The Beak Boy moved himself up and down the aisles of the store like a ballet dancer, grace in motion, squawking with every slash of his knife, blood blossoming on the boxes on the shelves. He was creating art, I realized, but I could not appreciate it as he did.
When he was finished with his vicious massacre, he returned to me. I had decided it was better to curl up on the floor, to close my eyes and cover my ears. If I could not see it, then it was not there. It did not happen. But when I awoke for real every morning, I would then reaffirm to myself that it was a dream, that the Beak Boy did not exist, that I was simply stuck in a mental loop when I dreamed. If I could dream beyond him, then I could conquer him, eviscerate him.
I read every dream book I could get my hands on, to almost an obsessive extent. For every birthday and Christmas my mother would buy me books on the subject. I had even, at one point in my burgeoning years of young adulthood, contemplated the possibility of choosing Dream Studies as a career. Sort of New Age of me, but it seemed like a reasonable possibility, all the same. Of course, I would later end up in management classes. Today, I manage a car wash. I don’t know how I ended up here, and I don’t really care. It is not my life, for it belongs partially to the Beak Man. I wonder if the Beak Man would approve of my work, were he able to leap out of my sleepy mind and into reality.

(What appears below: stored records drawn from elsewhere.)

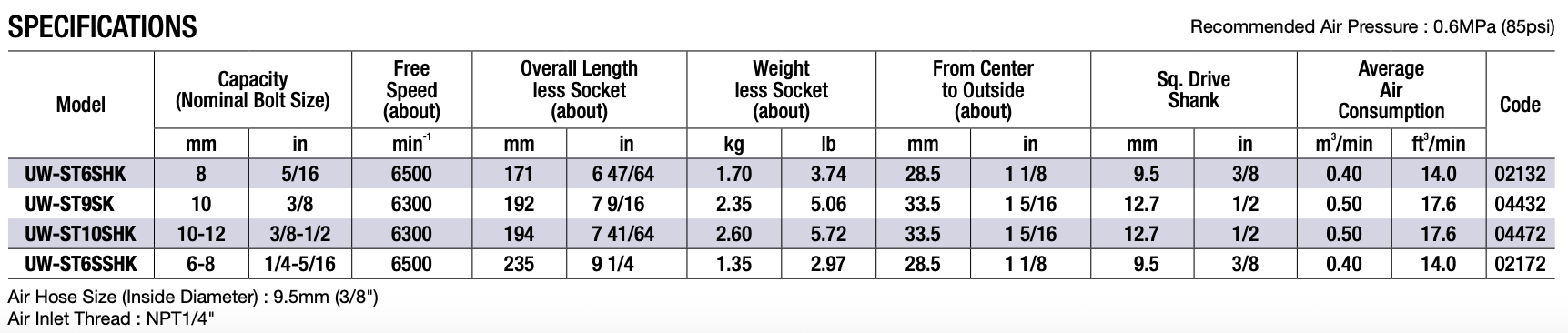 Uryu UW-ST Series Stud Bolt Pneumatic Impact Wrench Made in Japan
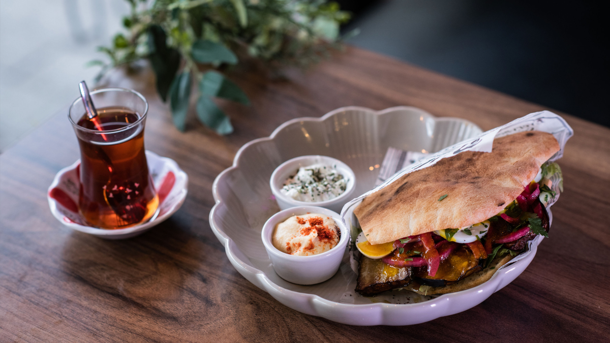 Pita, salaatti, kurkku, tomaatti, hummustahna, kebab, paistettu munakoiso, paistettu kesäkurpitsa
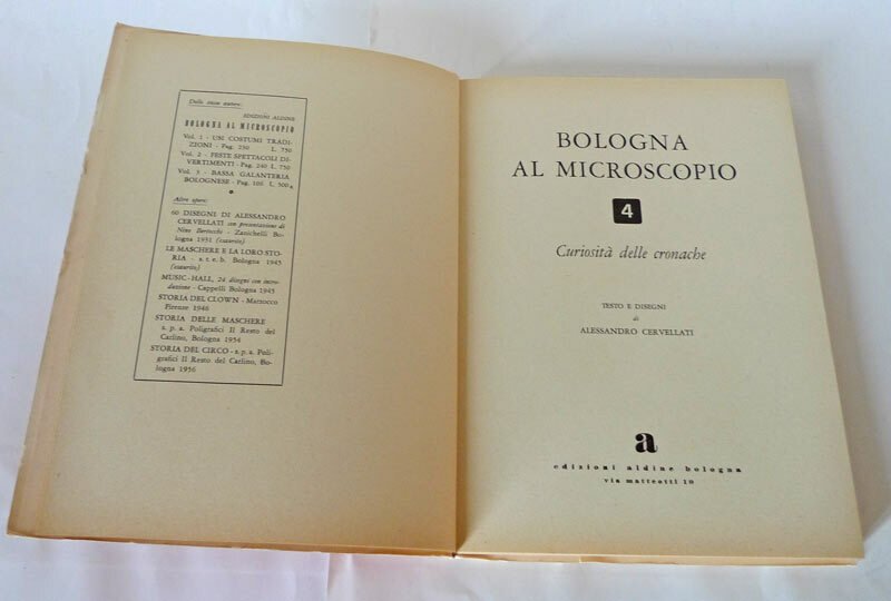 BOLOGNA AL MICROSCOPIO 4.Curiosità delle cronache.TESTO E DISEGNI diALESSANDRO CERVELLATI.Tamari Editori in Bologna, 1957,brossura, 21,5x15,5 cm., pp.210,numerose illustrazioni nel testo,peso: g.400CONDIZIONI DEL LIBRO: ottime INDICE Premessa...........................................................Pag. 7 1. Tra le mura della «grassa» Bologna. «L'anno uno» del XX secolo......................................................» 9 2. L'amore a 10 centesimi la parola...............................» 27 3. I misteri di Bologna: L'affare Cavagnati...................................... » 39 L'assassinio di Coltelli.......................................» 42 Il tagliatore di trecce........................................» 44 4. Curiosità delle cronache: Il processo delle tagliatelle....................... » 49 Avventura incredibile..........................................» 51 Altra avventura... bizzarra....................................» 53 Quando Otello ha ragione.......................................» 56 Bologna-Imola in vaporino......................................» 58 Licenze piacevoli..............................................» 60 La donna bolognese nel giudizio d’una signora ...» 63 Fattacci alla Certosa..........................................» 64 I comprimari...................................................» 66 Fine di un caffè...............................................» 68 Addio, canale di via Riva Reno.................................» 70 Un monumento all'erba..........................................» 72 Funamboli e aviatori...........................................» 73 La Fanciulla del West..........................................» 77 Frine..........................................................» 79 Fiere ed altro alla Montagnola.................................» 81 L’ingegnere Ceri...............................................» 84 Donne in pantaloni.............................................» 86 Fatti edificanti...............................................» 87 Agosto galeotto................................................» 90 Fatti che succedono qualche volta..............................» 95 Fatti di tutti i tempi.........................................» 97 Codicillo alla bassa galanteria................................» 98Teatri scomparsi:Teatro Verdi....................................................Pag. 111Teatro Apòllo...................................................» 117Teatro della Nosadella..........................................» 120Immortalità della Duse..........................................» 123Dina Galli all'Arena del Sole...................................» 127Fanny Cerrito a Bologna . . .......................» 131Ricordo di Giuseppe Verdi.......................................» 135Gobatti e i suoi Goti...........................................» 139Ricordo di Angelo Cuccoli.......................................» 147Collera dannunziana contro Testoni..............................» 153Ladri e truffatori geniali......................................» 157Arti divinatorie................................................» 165Parole furbesche................................................» 173I borghigiani...................................................» 177Natale e Pasqua d’altri tempi...................................» 185Quando c'era il «San Michele»...................................» 189Statue e giardini...............................................» 193Restano tre fiacres.............................................» 199Bologna turistica ..............................................» 205

By the time he (and I) became Beak Man, I had lost track of his murderous activities. In the early days I kept count of the animals and people he murdered, of the houses he burned to the ground, of the property he willfully destroyed, of the rigged elections, of the spray-painted swear words, of the defecation, of the occasional rape, of the dream-people he tormented with his squawking and snapping beak. He never used human words, but his point was always poignantly lucid. He loathed you. Myself included. He existed as my interminable shadow so that I could not enjoy my dreams, to be that ever-present fly in the ointment.